> [Task instructions]: Copy exactly the lines from the beginning of the data down to and including the line holding "Informações sobre hábitos", without any pictures.

> [Material provided]:
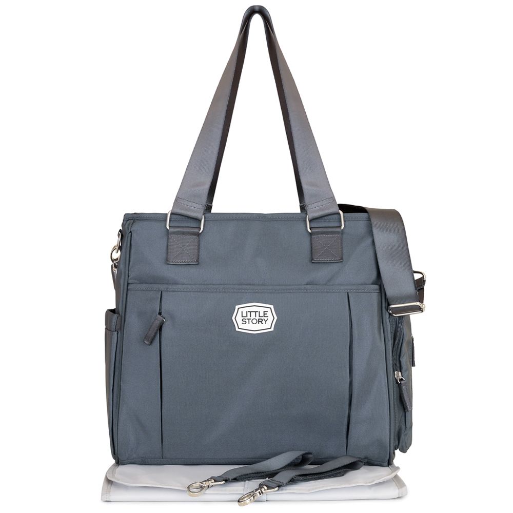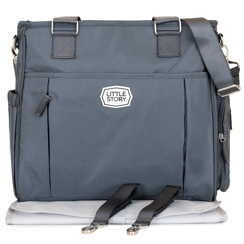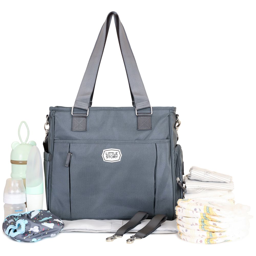 Perfect Mamma Bag with enough pockets for neatly organizing the Baby Essentials. Super Luxurious Diaper Bag, perfect for travel or full - day outings. 100% waterproof Fabric is strong and flexible, easy to wipe clean. This Little Story Mamma Nappy Bag helps you to keep everything organized and always upright when you need it. Bag also comes with a waterproof changing pad and detachable hooks. Two Side pockets for Wet Wipes and Bottles
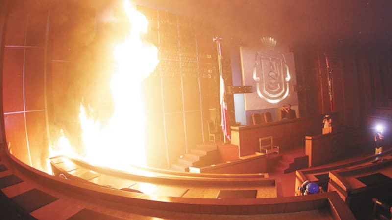 En Chilpancingo, la capital de Guerrero, integrantes de un sindicato de maestros incendiaron el salón de sesiones del Congreso y quemaron varios autos, de acuerdo con testigos y medios locales.
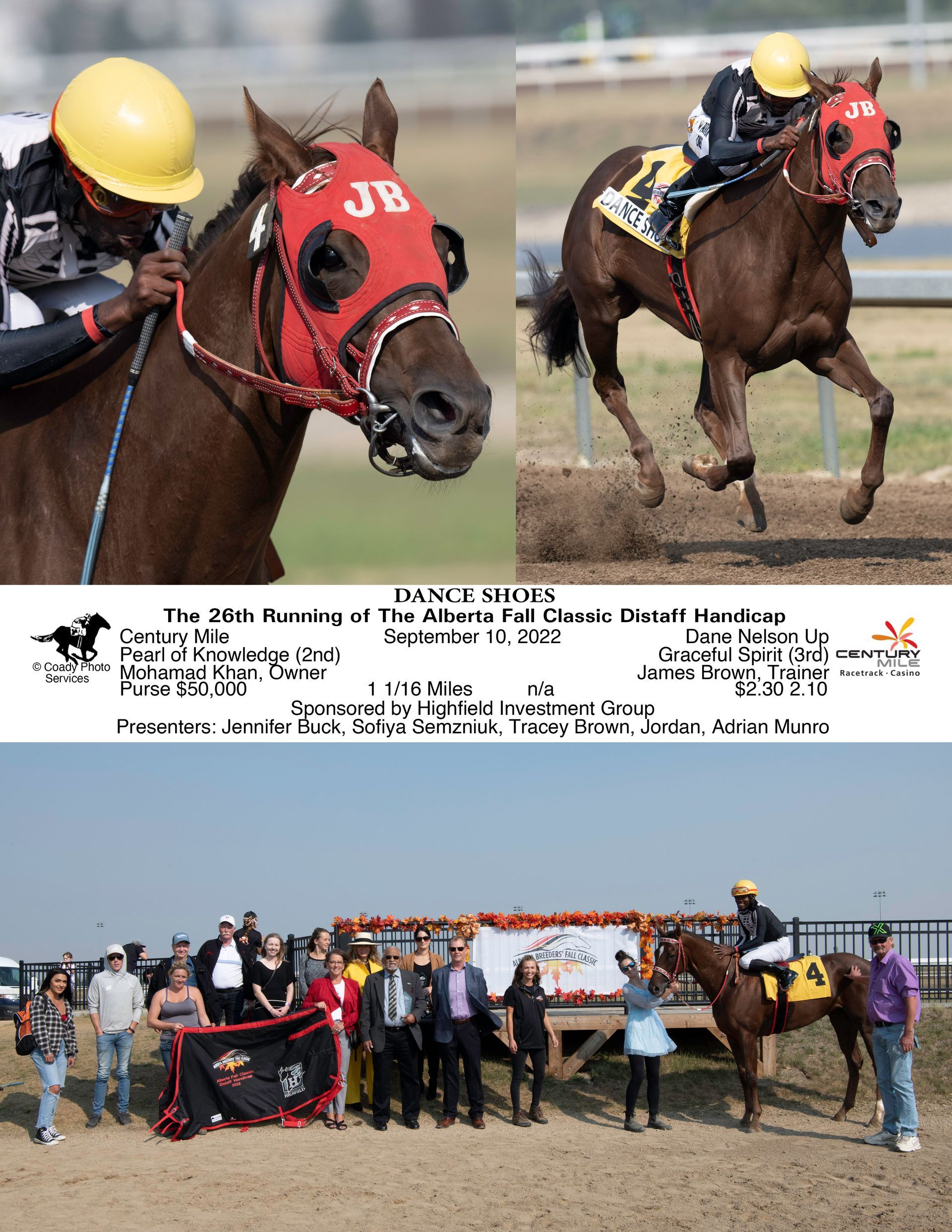 Owned by Mohamad Khan, bred by Jim McFadyen and trained by Jim Brown, the race for aged fillies and mares was Dance Shoes’ fourth win in her last five starts interrupted only by an inexplicable last-place finish in the August 20 Northlands Distaff.
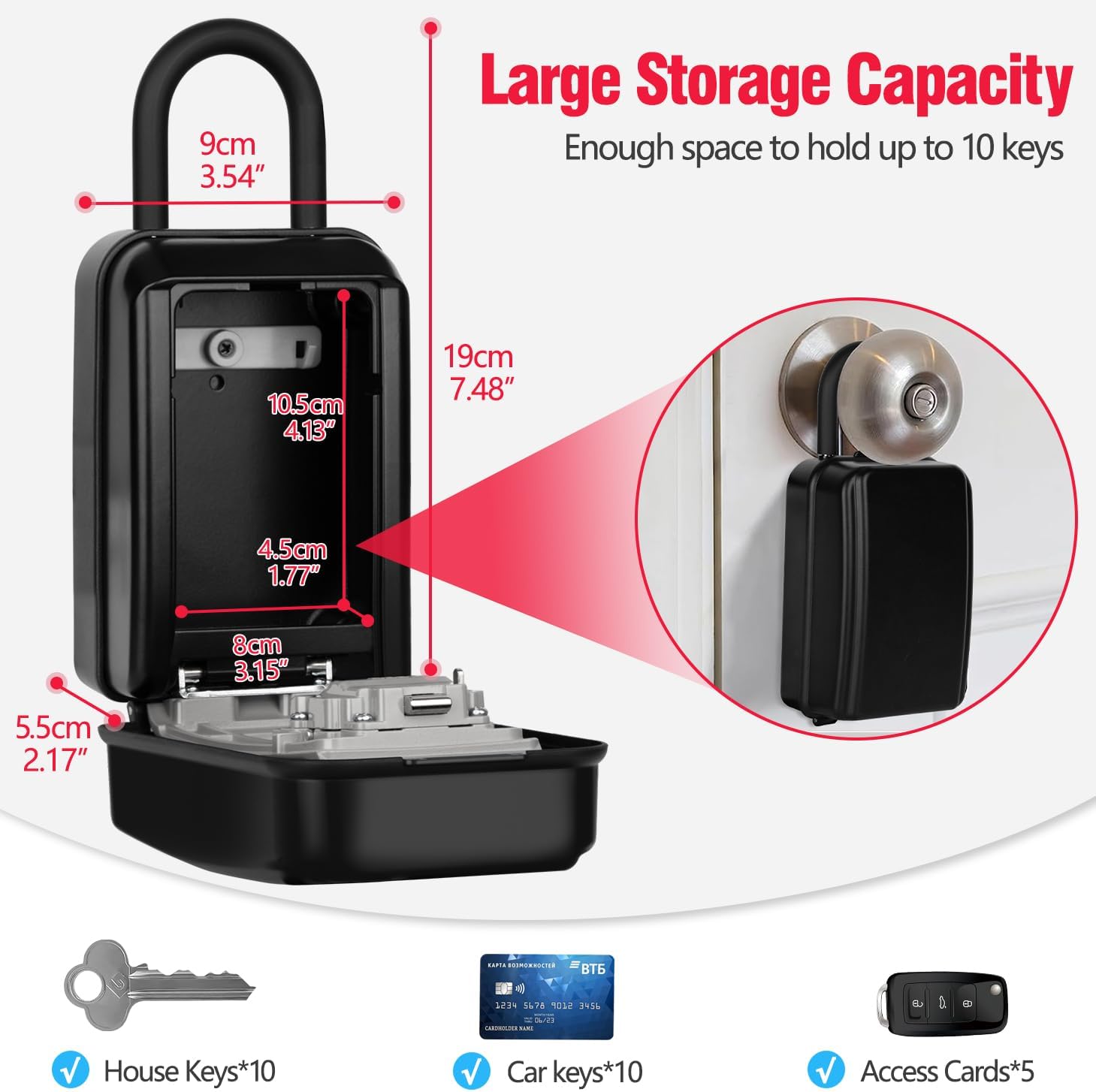 EXTRA LARGE : Avec un espace de stockage interne de 10,7*7*4,2 cm, soit environ 300 ml, notre porte-clés a une grande capacité de stockage pour une variété d’objets, des clés de la maison et du bureau aux cartes de crédit, à l’argent liquide et même aux grands porte-clés. Que vous souhaitiez protéger vos objets de valeur contre le vol, la perte ou l’égarement, nos coffres à clés vous apporteront la tranquillité d’esprit !
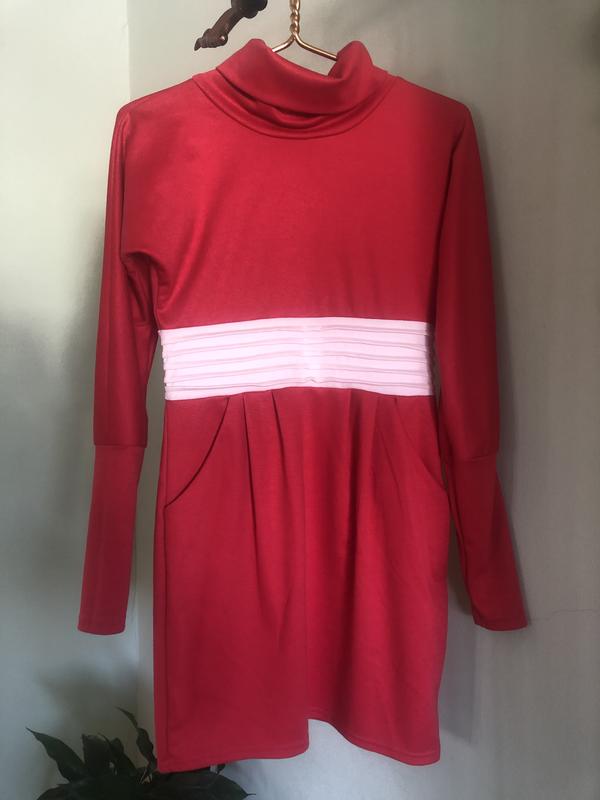 Плаття коралового кольору під шийку в ідеальному стані. Довжина - 85 см Довжина рукава - 72 см ПО грудей - 55 см ПО талії - 35 см ПО бедер - 53 см Тканина тягнеться.
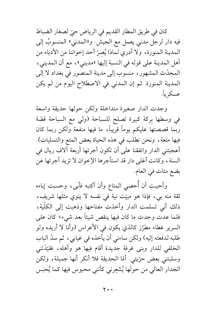 كان في طريق المطار القديم في الرياض حيّ لصغار الضباط فيه دار لرجل مدني يعمل مع الجيش. و «المدني» المنسوبُ إلى المدينة المنورة، ولا أدري لماذا يُصِرّ أحد إخواننا من الأدباء من أهل المدينة على قوله في النسبة إليها «مديني»، مع أن المديني، المحدّث المشهور، منسوب إلى مدينة المنصور في بغداد لا إلى المدينة المنورة. ثم إن المدني في الاصطلاح اليوم من لم يكن عسكرياً.
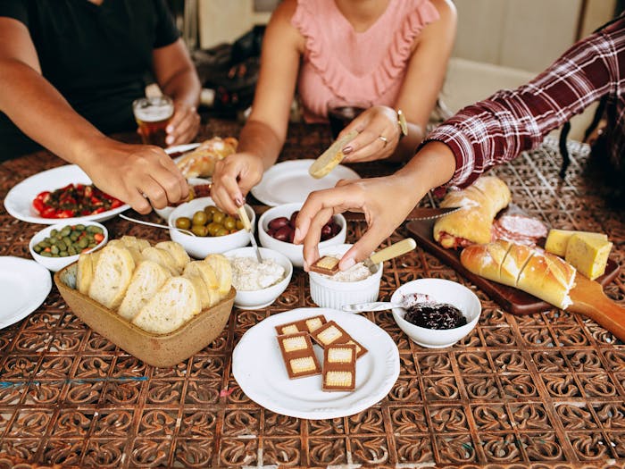 Informações sobre hábitos alimentares equilibrados e maneiras de desfrutar das refeições de forma saudável.
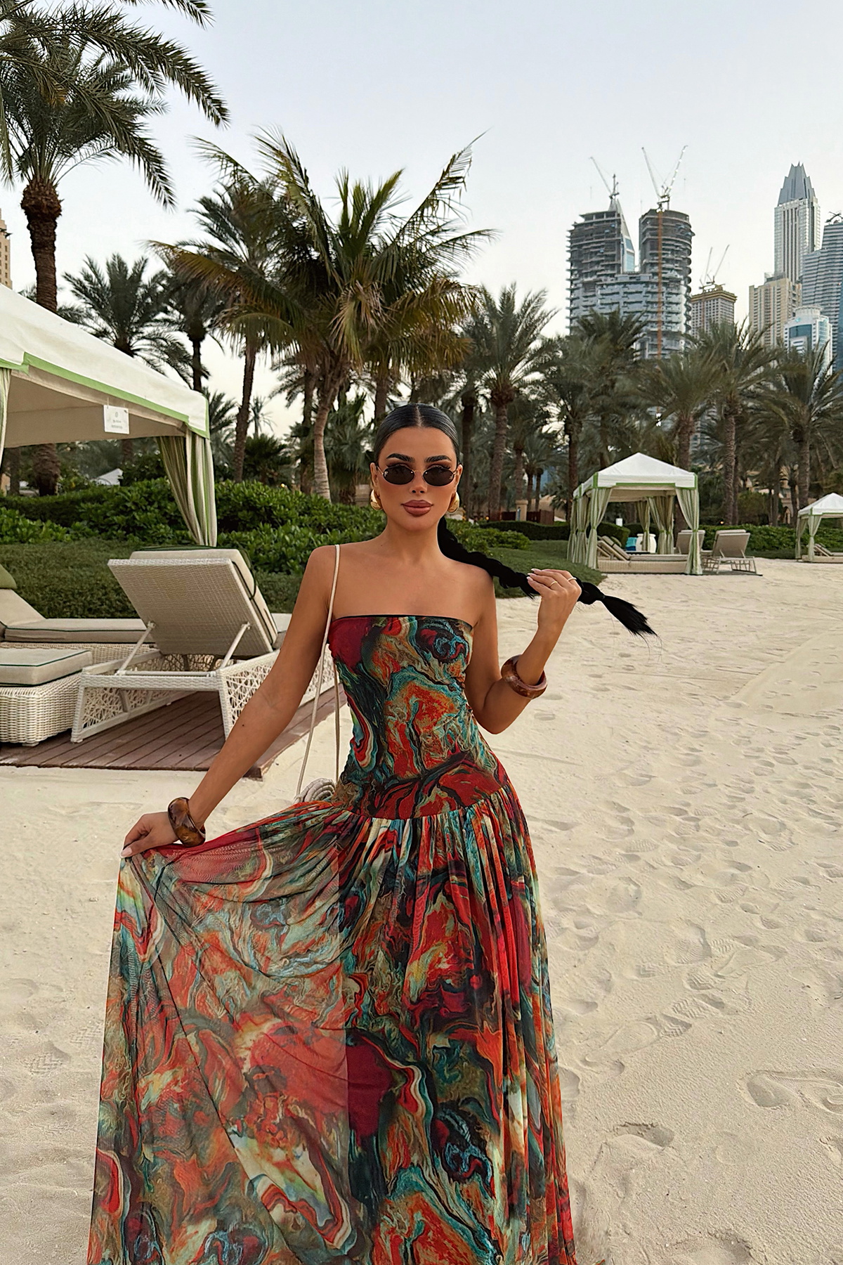 Batik Desen Askılı Uzun Elbise ATE-4963

> [Written response]:
 Perfect Mamma Bag with enough pockets for neatly organizing the Baby Essentials. Super Luxurious Diaper Bag, perfect for travel or full - day outings. 100% waterproof Fabric is strong and flexible, easy to wipe clean. This Little Story Mamma Nappy Bag helps you to keep everything organized and always upright when you need it. Bag also comes with a waterproof changing pad and detachable hooks. Two Side pockets for Wet Wipes and Bottles
 En Chilpancingo, la capital de Guerrero, integrantes de un sindicato de maestros incendiaron el salón de sesiones del Congreso y quemaron varios autos, de acuerdo con testigos y medios locales.
 Owned by Mohamad Khan, bred by Jim McFadyen and trained by Jim Brown, the race for aged fillies and mares was Dance Shoes’ fourth win in her last five starts interrupted only by an inexplicable last-place finish in the August 20 Northlands Distaff.
 EXTRA LARGE : Avec un espace de stockage interne de 10,7*7*4,2 cm, soit environ 300 ml, notre porte-clés a une grande capacité de stockage pour une variété d’objets, des clés de la maison et du bureau aux cartes de crédit, à l’argent liquide et même aux grands porte-clés. Que vous souhaitiez protéger vos objets de valeur contre le vol, la perte ou l’égarement, nos coffres à clés vous apporteront la tranquillité d’esprit !
 Плаття коралового кольору під шийку в ідеальному стані. Довжина - 85 см Довжина рукава - 72 см ПО грудей - 55 см ПО талії - 35 см ПО бедер - 53 см Тканина тягнеться.
 كان في طريق المطار القديم في الرياض حيّ لصغار الضباط فيه دار لرجل مدني يعمل مع الجيش. و «المدني» المنسوبُ إلى المدينة المنورة، ولا أدري لماذا يُصِرّ أحد إخواننا من الأدباء من أهل المدينة على قوله في النسبة إليها «مديني»، مع أن المديني، المحدّث المشهور، منسوب إلى مدينة المنصور في بغداد لا إلى المدينة المنورة. ثم إن المدني في الاصطلاح اليوم من لم يكن عسكرياً.
 Informações sobre hábitos alimentares equilibrados e maneiras de desfrutar das refeições de forma saudável.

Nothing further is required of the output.